* Extracted data:
┄┄┄┄┄┄

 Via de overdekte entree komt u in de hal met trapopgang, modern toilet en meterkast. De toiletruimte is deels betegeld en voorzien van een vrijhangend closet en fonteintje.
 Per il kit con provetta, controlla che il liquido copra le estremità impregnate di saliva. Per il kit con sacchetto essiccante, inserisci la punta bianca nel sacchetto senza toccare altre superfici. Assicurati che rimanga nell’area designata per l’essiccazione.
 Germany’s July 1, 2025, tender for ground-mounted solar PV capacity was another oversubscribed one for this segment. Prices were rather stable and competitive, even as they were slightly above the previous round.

┄┄┄┄┄┄

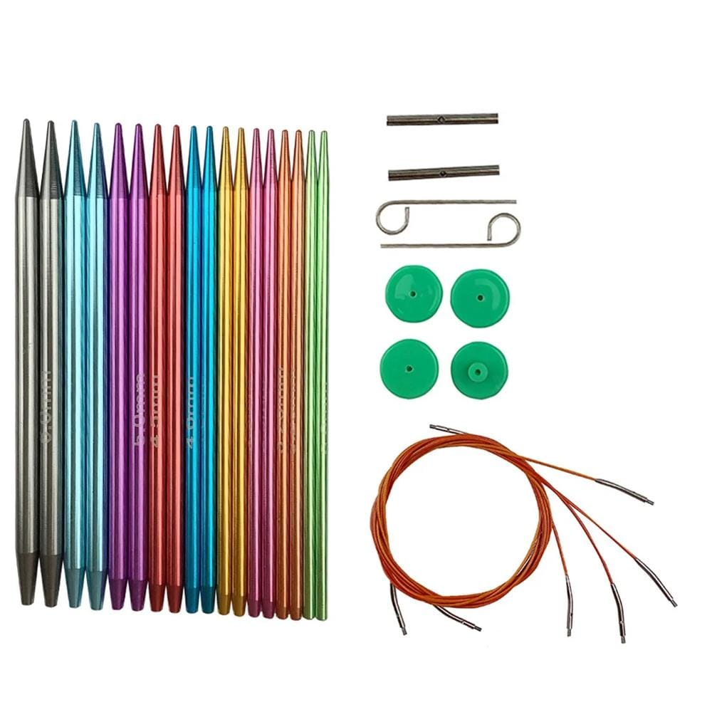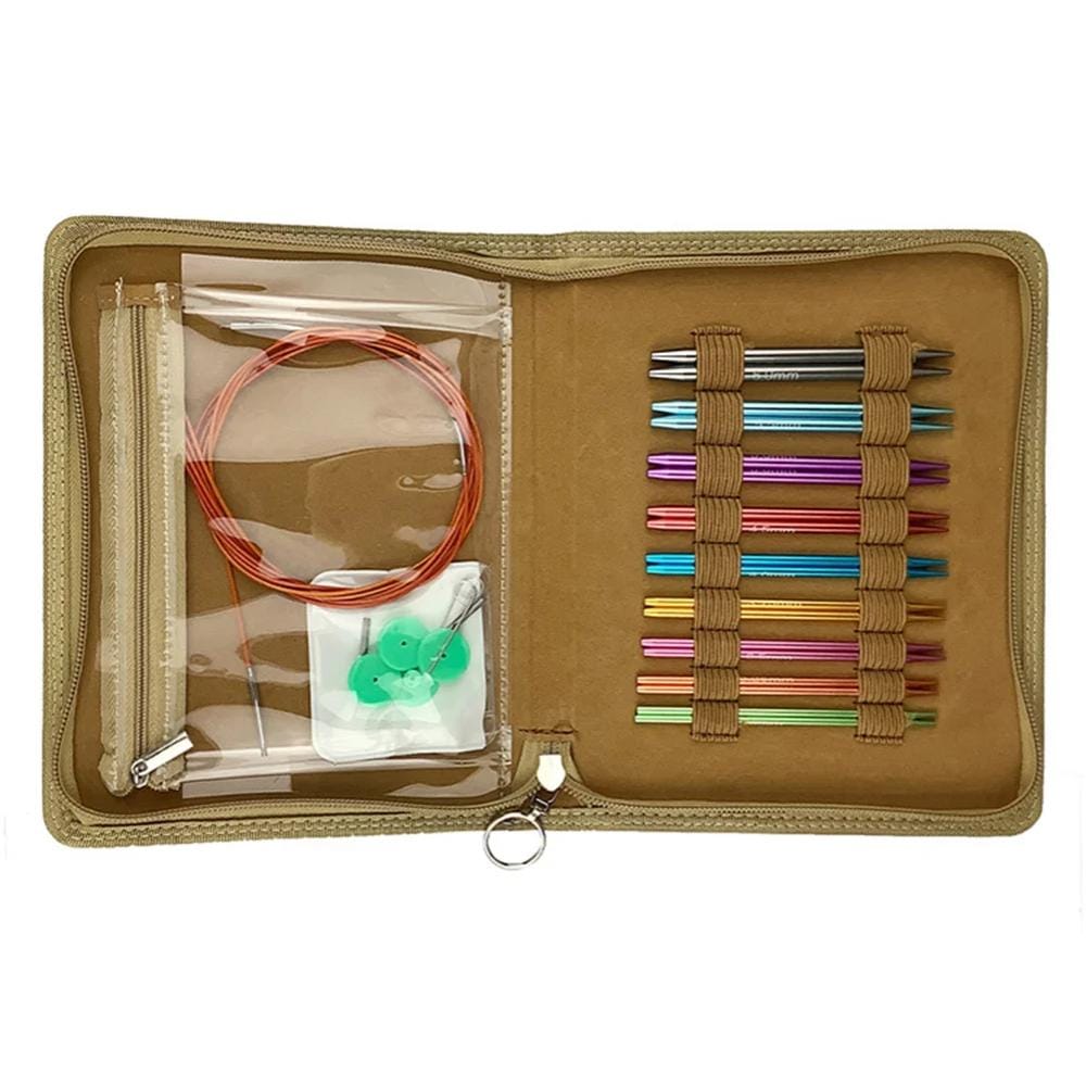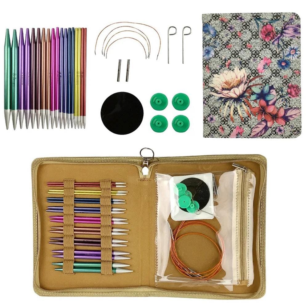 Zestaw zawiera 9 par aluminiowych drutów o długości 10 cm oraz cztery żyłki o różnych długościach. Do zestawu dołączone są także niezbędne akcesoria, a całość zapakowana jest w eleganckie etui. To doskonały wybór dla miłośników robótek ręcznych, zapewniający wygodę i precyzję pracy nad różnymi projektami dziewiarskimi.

┄┄┄┄┄┄

* Goal of the exercise: Which lines above run from the one containing "Via de overdekte" to the one containing "Germany’s July 1, 2025, tender"? Give them again exactly, both ends included.

* Task solution:
 Via de overdekte entree komt u in de hal met trapopgang, modern toilet en meterkast. De toiletruimte is deels betegeld en voorzien van een vrijhangend closet en fonteintje.
 Per il kit con provetta, controlla che il liquido copra le estremità impregnate di saliva. Per il kit con sacchetto essiccante, inserisci la punta bianca nel sacchetto senza toccare altre superfici. Assicurati che rimanga nell’area designata per l’essiccazione.
 Germany’s July 1, 2025, tender for ground-mounted solar PV capacity was another oversubscribed one for this segment. Prices were rather stable and competitive, even as they were slightly above the previous round.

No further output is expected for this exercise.